In a matter that is properly before us, respondent Ward contends that the district court erred in refusing to stay its proceedings, thereby not allowing the superior court to consider the requested transfer. A few hours before filing their counterclaim, respondents filed a motion to transfer the entire controversy to superior court on the basis that the counterclaim requested relief of a nature that conferred jurisdiction on the superior court. G.S. 7A-245 provides that the superior court is the proper division for trial of civil actions where, as in the counterclaim, the principal relief requested is:

(1) Injunctive relief against the enforcement of any statute, ordinance, or regulation; (2) ... (3) Declaratory relief to establish or disestablish the validity of any statute, ordinance, or regulation; or (4) The enforcement or declaration of any claim of constitutional right.

However, G.S. 7A-245(b) provides:

(b) When a case is otherwise properly in the district court division, a prayer for injunctive or declaratory relief by any party not a plaintiff on grounds stated in this section is not ground for transfer.

Since the relief asserted by respondents as grounds for the transfer was sought in a counterclaim and since a respondent's status in a contempt proceeding is comparable to that of a defendant in a civil action, under G.S. 7A-245(a) the superior court was not the proper division for consideration of this action and there were no grounds for transfer. Since the matter was properly in district court, respondents were not entitled under G.S. 7A-258(a) to move for a transfer to superior court. Thus, the prohibition contained in G.S. 7A-258(f)(1), against involuntary dismissal of an action in which a motion to transfer is pending, could not apply here to prohibit the dismissal by the court of respondent's counterclaim. Respondent Ward's contention is without merit.

Because the matter was properly in district court, we hold that the denial of respondents' oral motion for a continuance was not an abuse of discretion.

IV

Respondent Ward has neglected to address the sole substantive issue that is properly presented by his appeal: whether the judgment of the trial court finding Ward Lumber Company in civil contempt of court was correct.

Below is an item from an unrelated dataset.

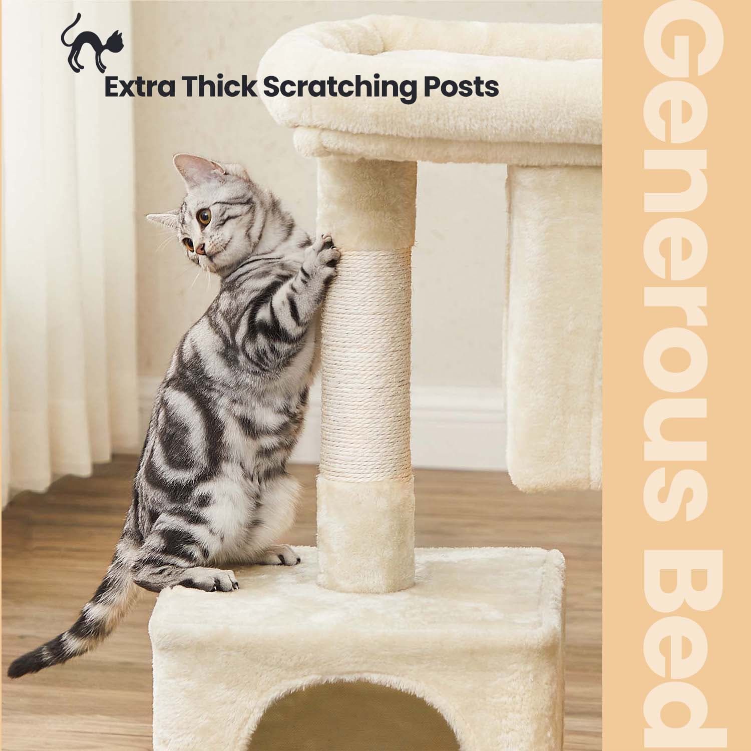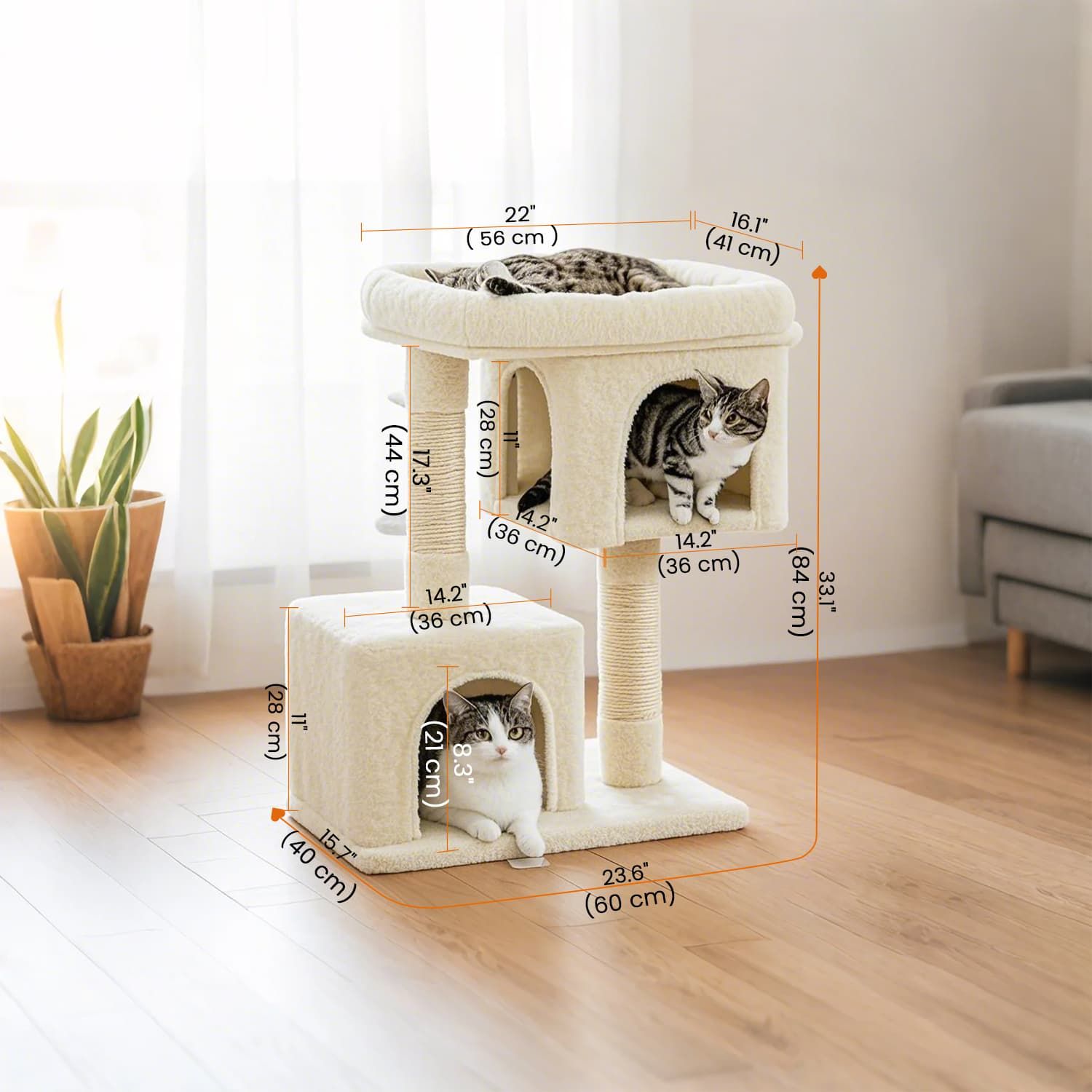 Cat Tree - MARRAE Tower Large Dual Compartment Cat Perch - Beige

In their answer to the contempt petition, respondents asserted the unconstitutionality of the statute and the inspection plan and the invalidity of the inspection warrant. Respondents presented no evidence at the hearing, only moving to strike the testimony of the State's witness and to dismiss the action because of the alleged unconstitutionality of the law and because OSH "in every respect failed to meet its obligation under the law." Respondents offered no proof in support of the allegations *354 of unconstitutionality. On appeal, Ward does not dispute the facts found by the court or even argue that they do not support the judgment of contempt. Under our rules of Appellate Procedure, failure to present arguments on questions raised by assignments of error in an appeal from a trial court constitutes abandonment of those assignments of error. App.R. 28(a). Nevertheless, we have carefully considered the trial court's judgment and hold that it was correct.

On appeal from judgments of civil contempt, our review is limited to the questions of whether the trial court's findings of fact are supported by any competent evidence in the record, Peoples v. Peoples, 8 N.C.App. 136, 174 S.E.2d 2 (1970), and whether the findings of fact warrant the judgment. Willis v. Willis, 2 N.C.App. 219, 162 S.E.2d 592 (1968). The facts found by the trial court are amply supported in the record in the form of testimony at the hearing and the search warrant and supporting affidavit. The court concluded from these facts, inter alia, that respondent had wilfully refused to submit to the inspection warrant and that it had shown no legal cause for that refusal. The court's judgment is supported by its findings and conclusions and must be affirmed.

Affirmed.

VAUGHN, C.J., and BRASWELL, J., concur.

VAUGHN, Chief Judge, concurring:

I would consider the matters respondent attempts to raise on their merits. I would then find that the order of the trial court is in all respects correct and that respondent's arguments are totally lacking in merit.